He read his mail. She drank her coffee. The half hour of domesticity amused her. Here she sat in a duke’s home, acting like a lady, pretending the man at the table did not hold her fate in his hands.

She watched him calmly execute his morning routine. If the man were not a duke, not a peer, not a gentleman bound by honor, not a devil of a seducer who had known many women far more delectable than she, maybe, just maybe, she could sway him to let her run away. Only he was all those things and her own skills at seduction were no match for the principles that would decide her fate.

She was not sure she would want to win that challenge if she made it. She did not want him to be other than he was.

He set aside the letters. “I have devised a plan.”

“I am afraid to ask what it is.”

He looked at her kindly, and there was resolve in his eyes. “Today you will show me where this go-between Pritchard fellow lives. I will speak with him. He will tell me where that buckle went.”

“What if he refuses?” He overestimated the influence of dukes on criminals. In this one small part of life, she was the expert and he was fairly green, she suspected.

“I will reason with him.”

“He may not be reasonable.”

“Then I will persuade him another way. I will pay him.”

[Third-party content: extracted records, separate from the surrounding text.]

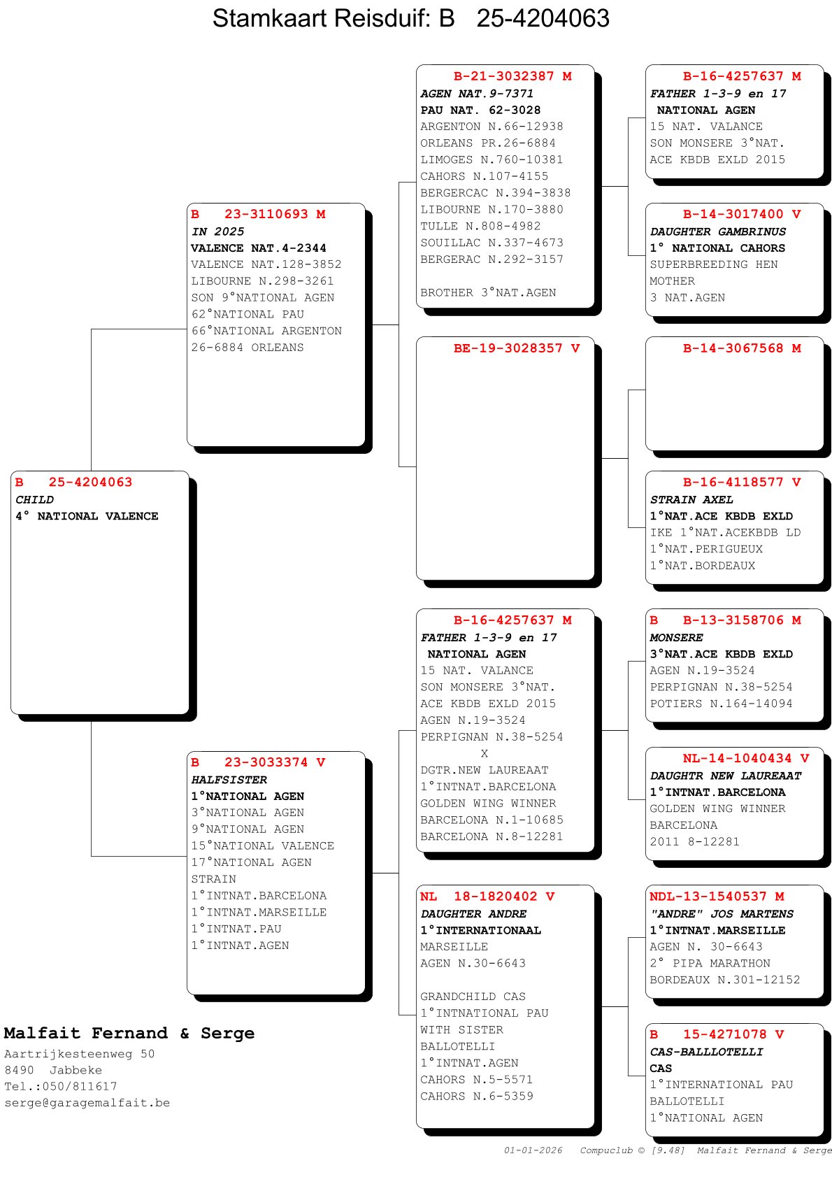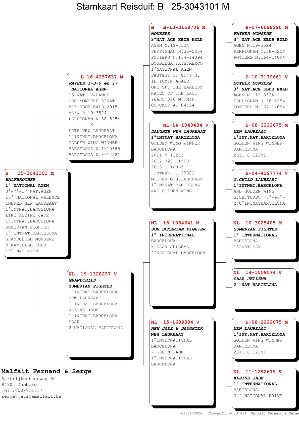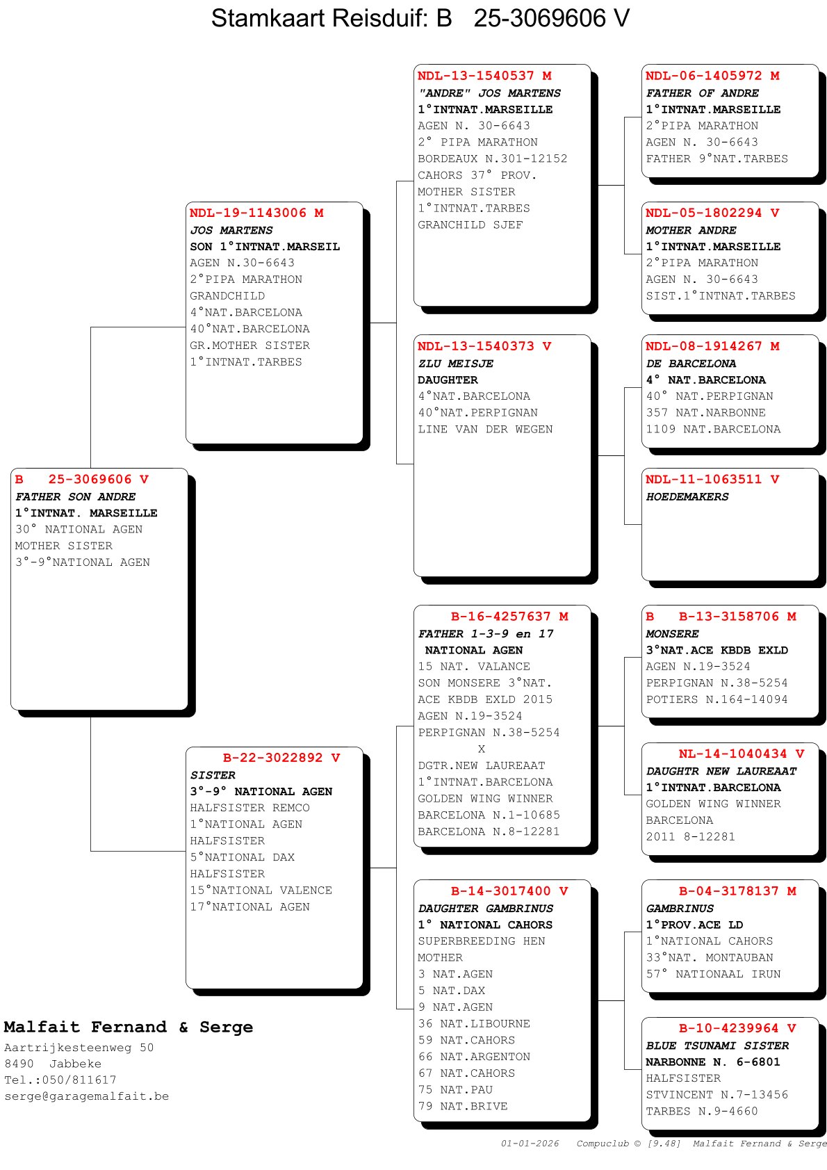 The national victories from Dax, Jarnac, and Agen are only the tip of the iceberg of what the Malfait pigeons have to offer. Because what an impressive list of top results they have already achieved! With the exceptionally strong bloodline in which top breeders “Monsere,” “Ludo,” and “Wout” serve as key pillars, Fernand and Serge Malfait have clearly found their way to the international elite and prove year after year that they are here to stay. They achieve this with an extremely simple care routine and a system that relies entirely on the intrinsic quality of the pigeon itself. A small offering this year, but one that can provide a magnificent future for the buyers!
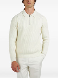 rib-knit halp-zip sweater Highlights - White - Ribbed knit - Half-zip fastening - Polo collar - Long sleeves - Ribbed hem - Straight hem Imported Composition Wool 80%, Nylon 20% Washing instructions Hand Wash
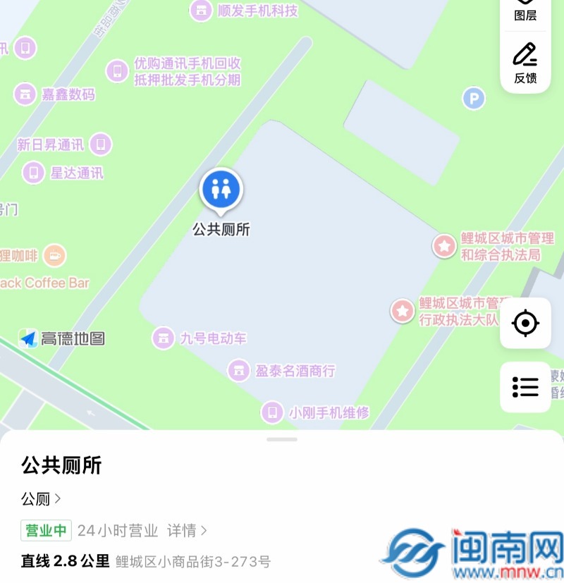 閩南網(wǎng)記者打開導航 APP 搜索發(fā)現(xiàn),困住甘女士的這座公廁位于鯉城區(qū)涂門街小商品街路段,平臺上清晰標注著“24小時營業(yè)”等信息。

“That might work,” she conceded.

“If it doesn’t, I will leave it to Vincent and Michael.”

“Ah. Now that persuasion may well be successful.”

“I trust it will not come to that.”

“I will not object if it did. I have suffered much due to this scheme.”

He stood. “Then let us go at once and be done with it.”

* * *

Langford paced the wooden floors of the simple chamber. Amanda stood in its center, so disappointed she could barely feel her own body.

“It appears thoroughly unoccupied,” he said. “Are you sure this is the right place?”

“I watched him enter this building. I was told he let the attic room.”

Langford ran his finger through the thick dust on the one table. “I suppose he might have left yesterday.”

His tentative words drew her attention on him fully. A new seriousness had claimed him. His posture, his expression, the way he looked everywhere but at her—a subtle formality tinged all of him.

Perhaps he thought she had lied. Perhaps he wondered if all of it had been a story to divert him from the real truth. She was a criminal, after all. Why wouldn’t she lie if it served her purpose?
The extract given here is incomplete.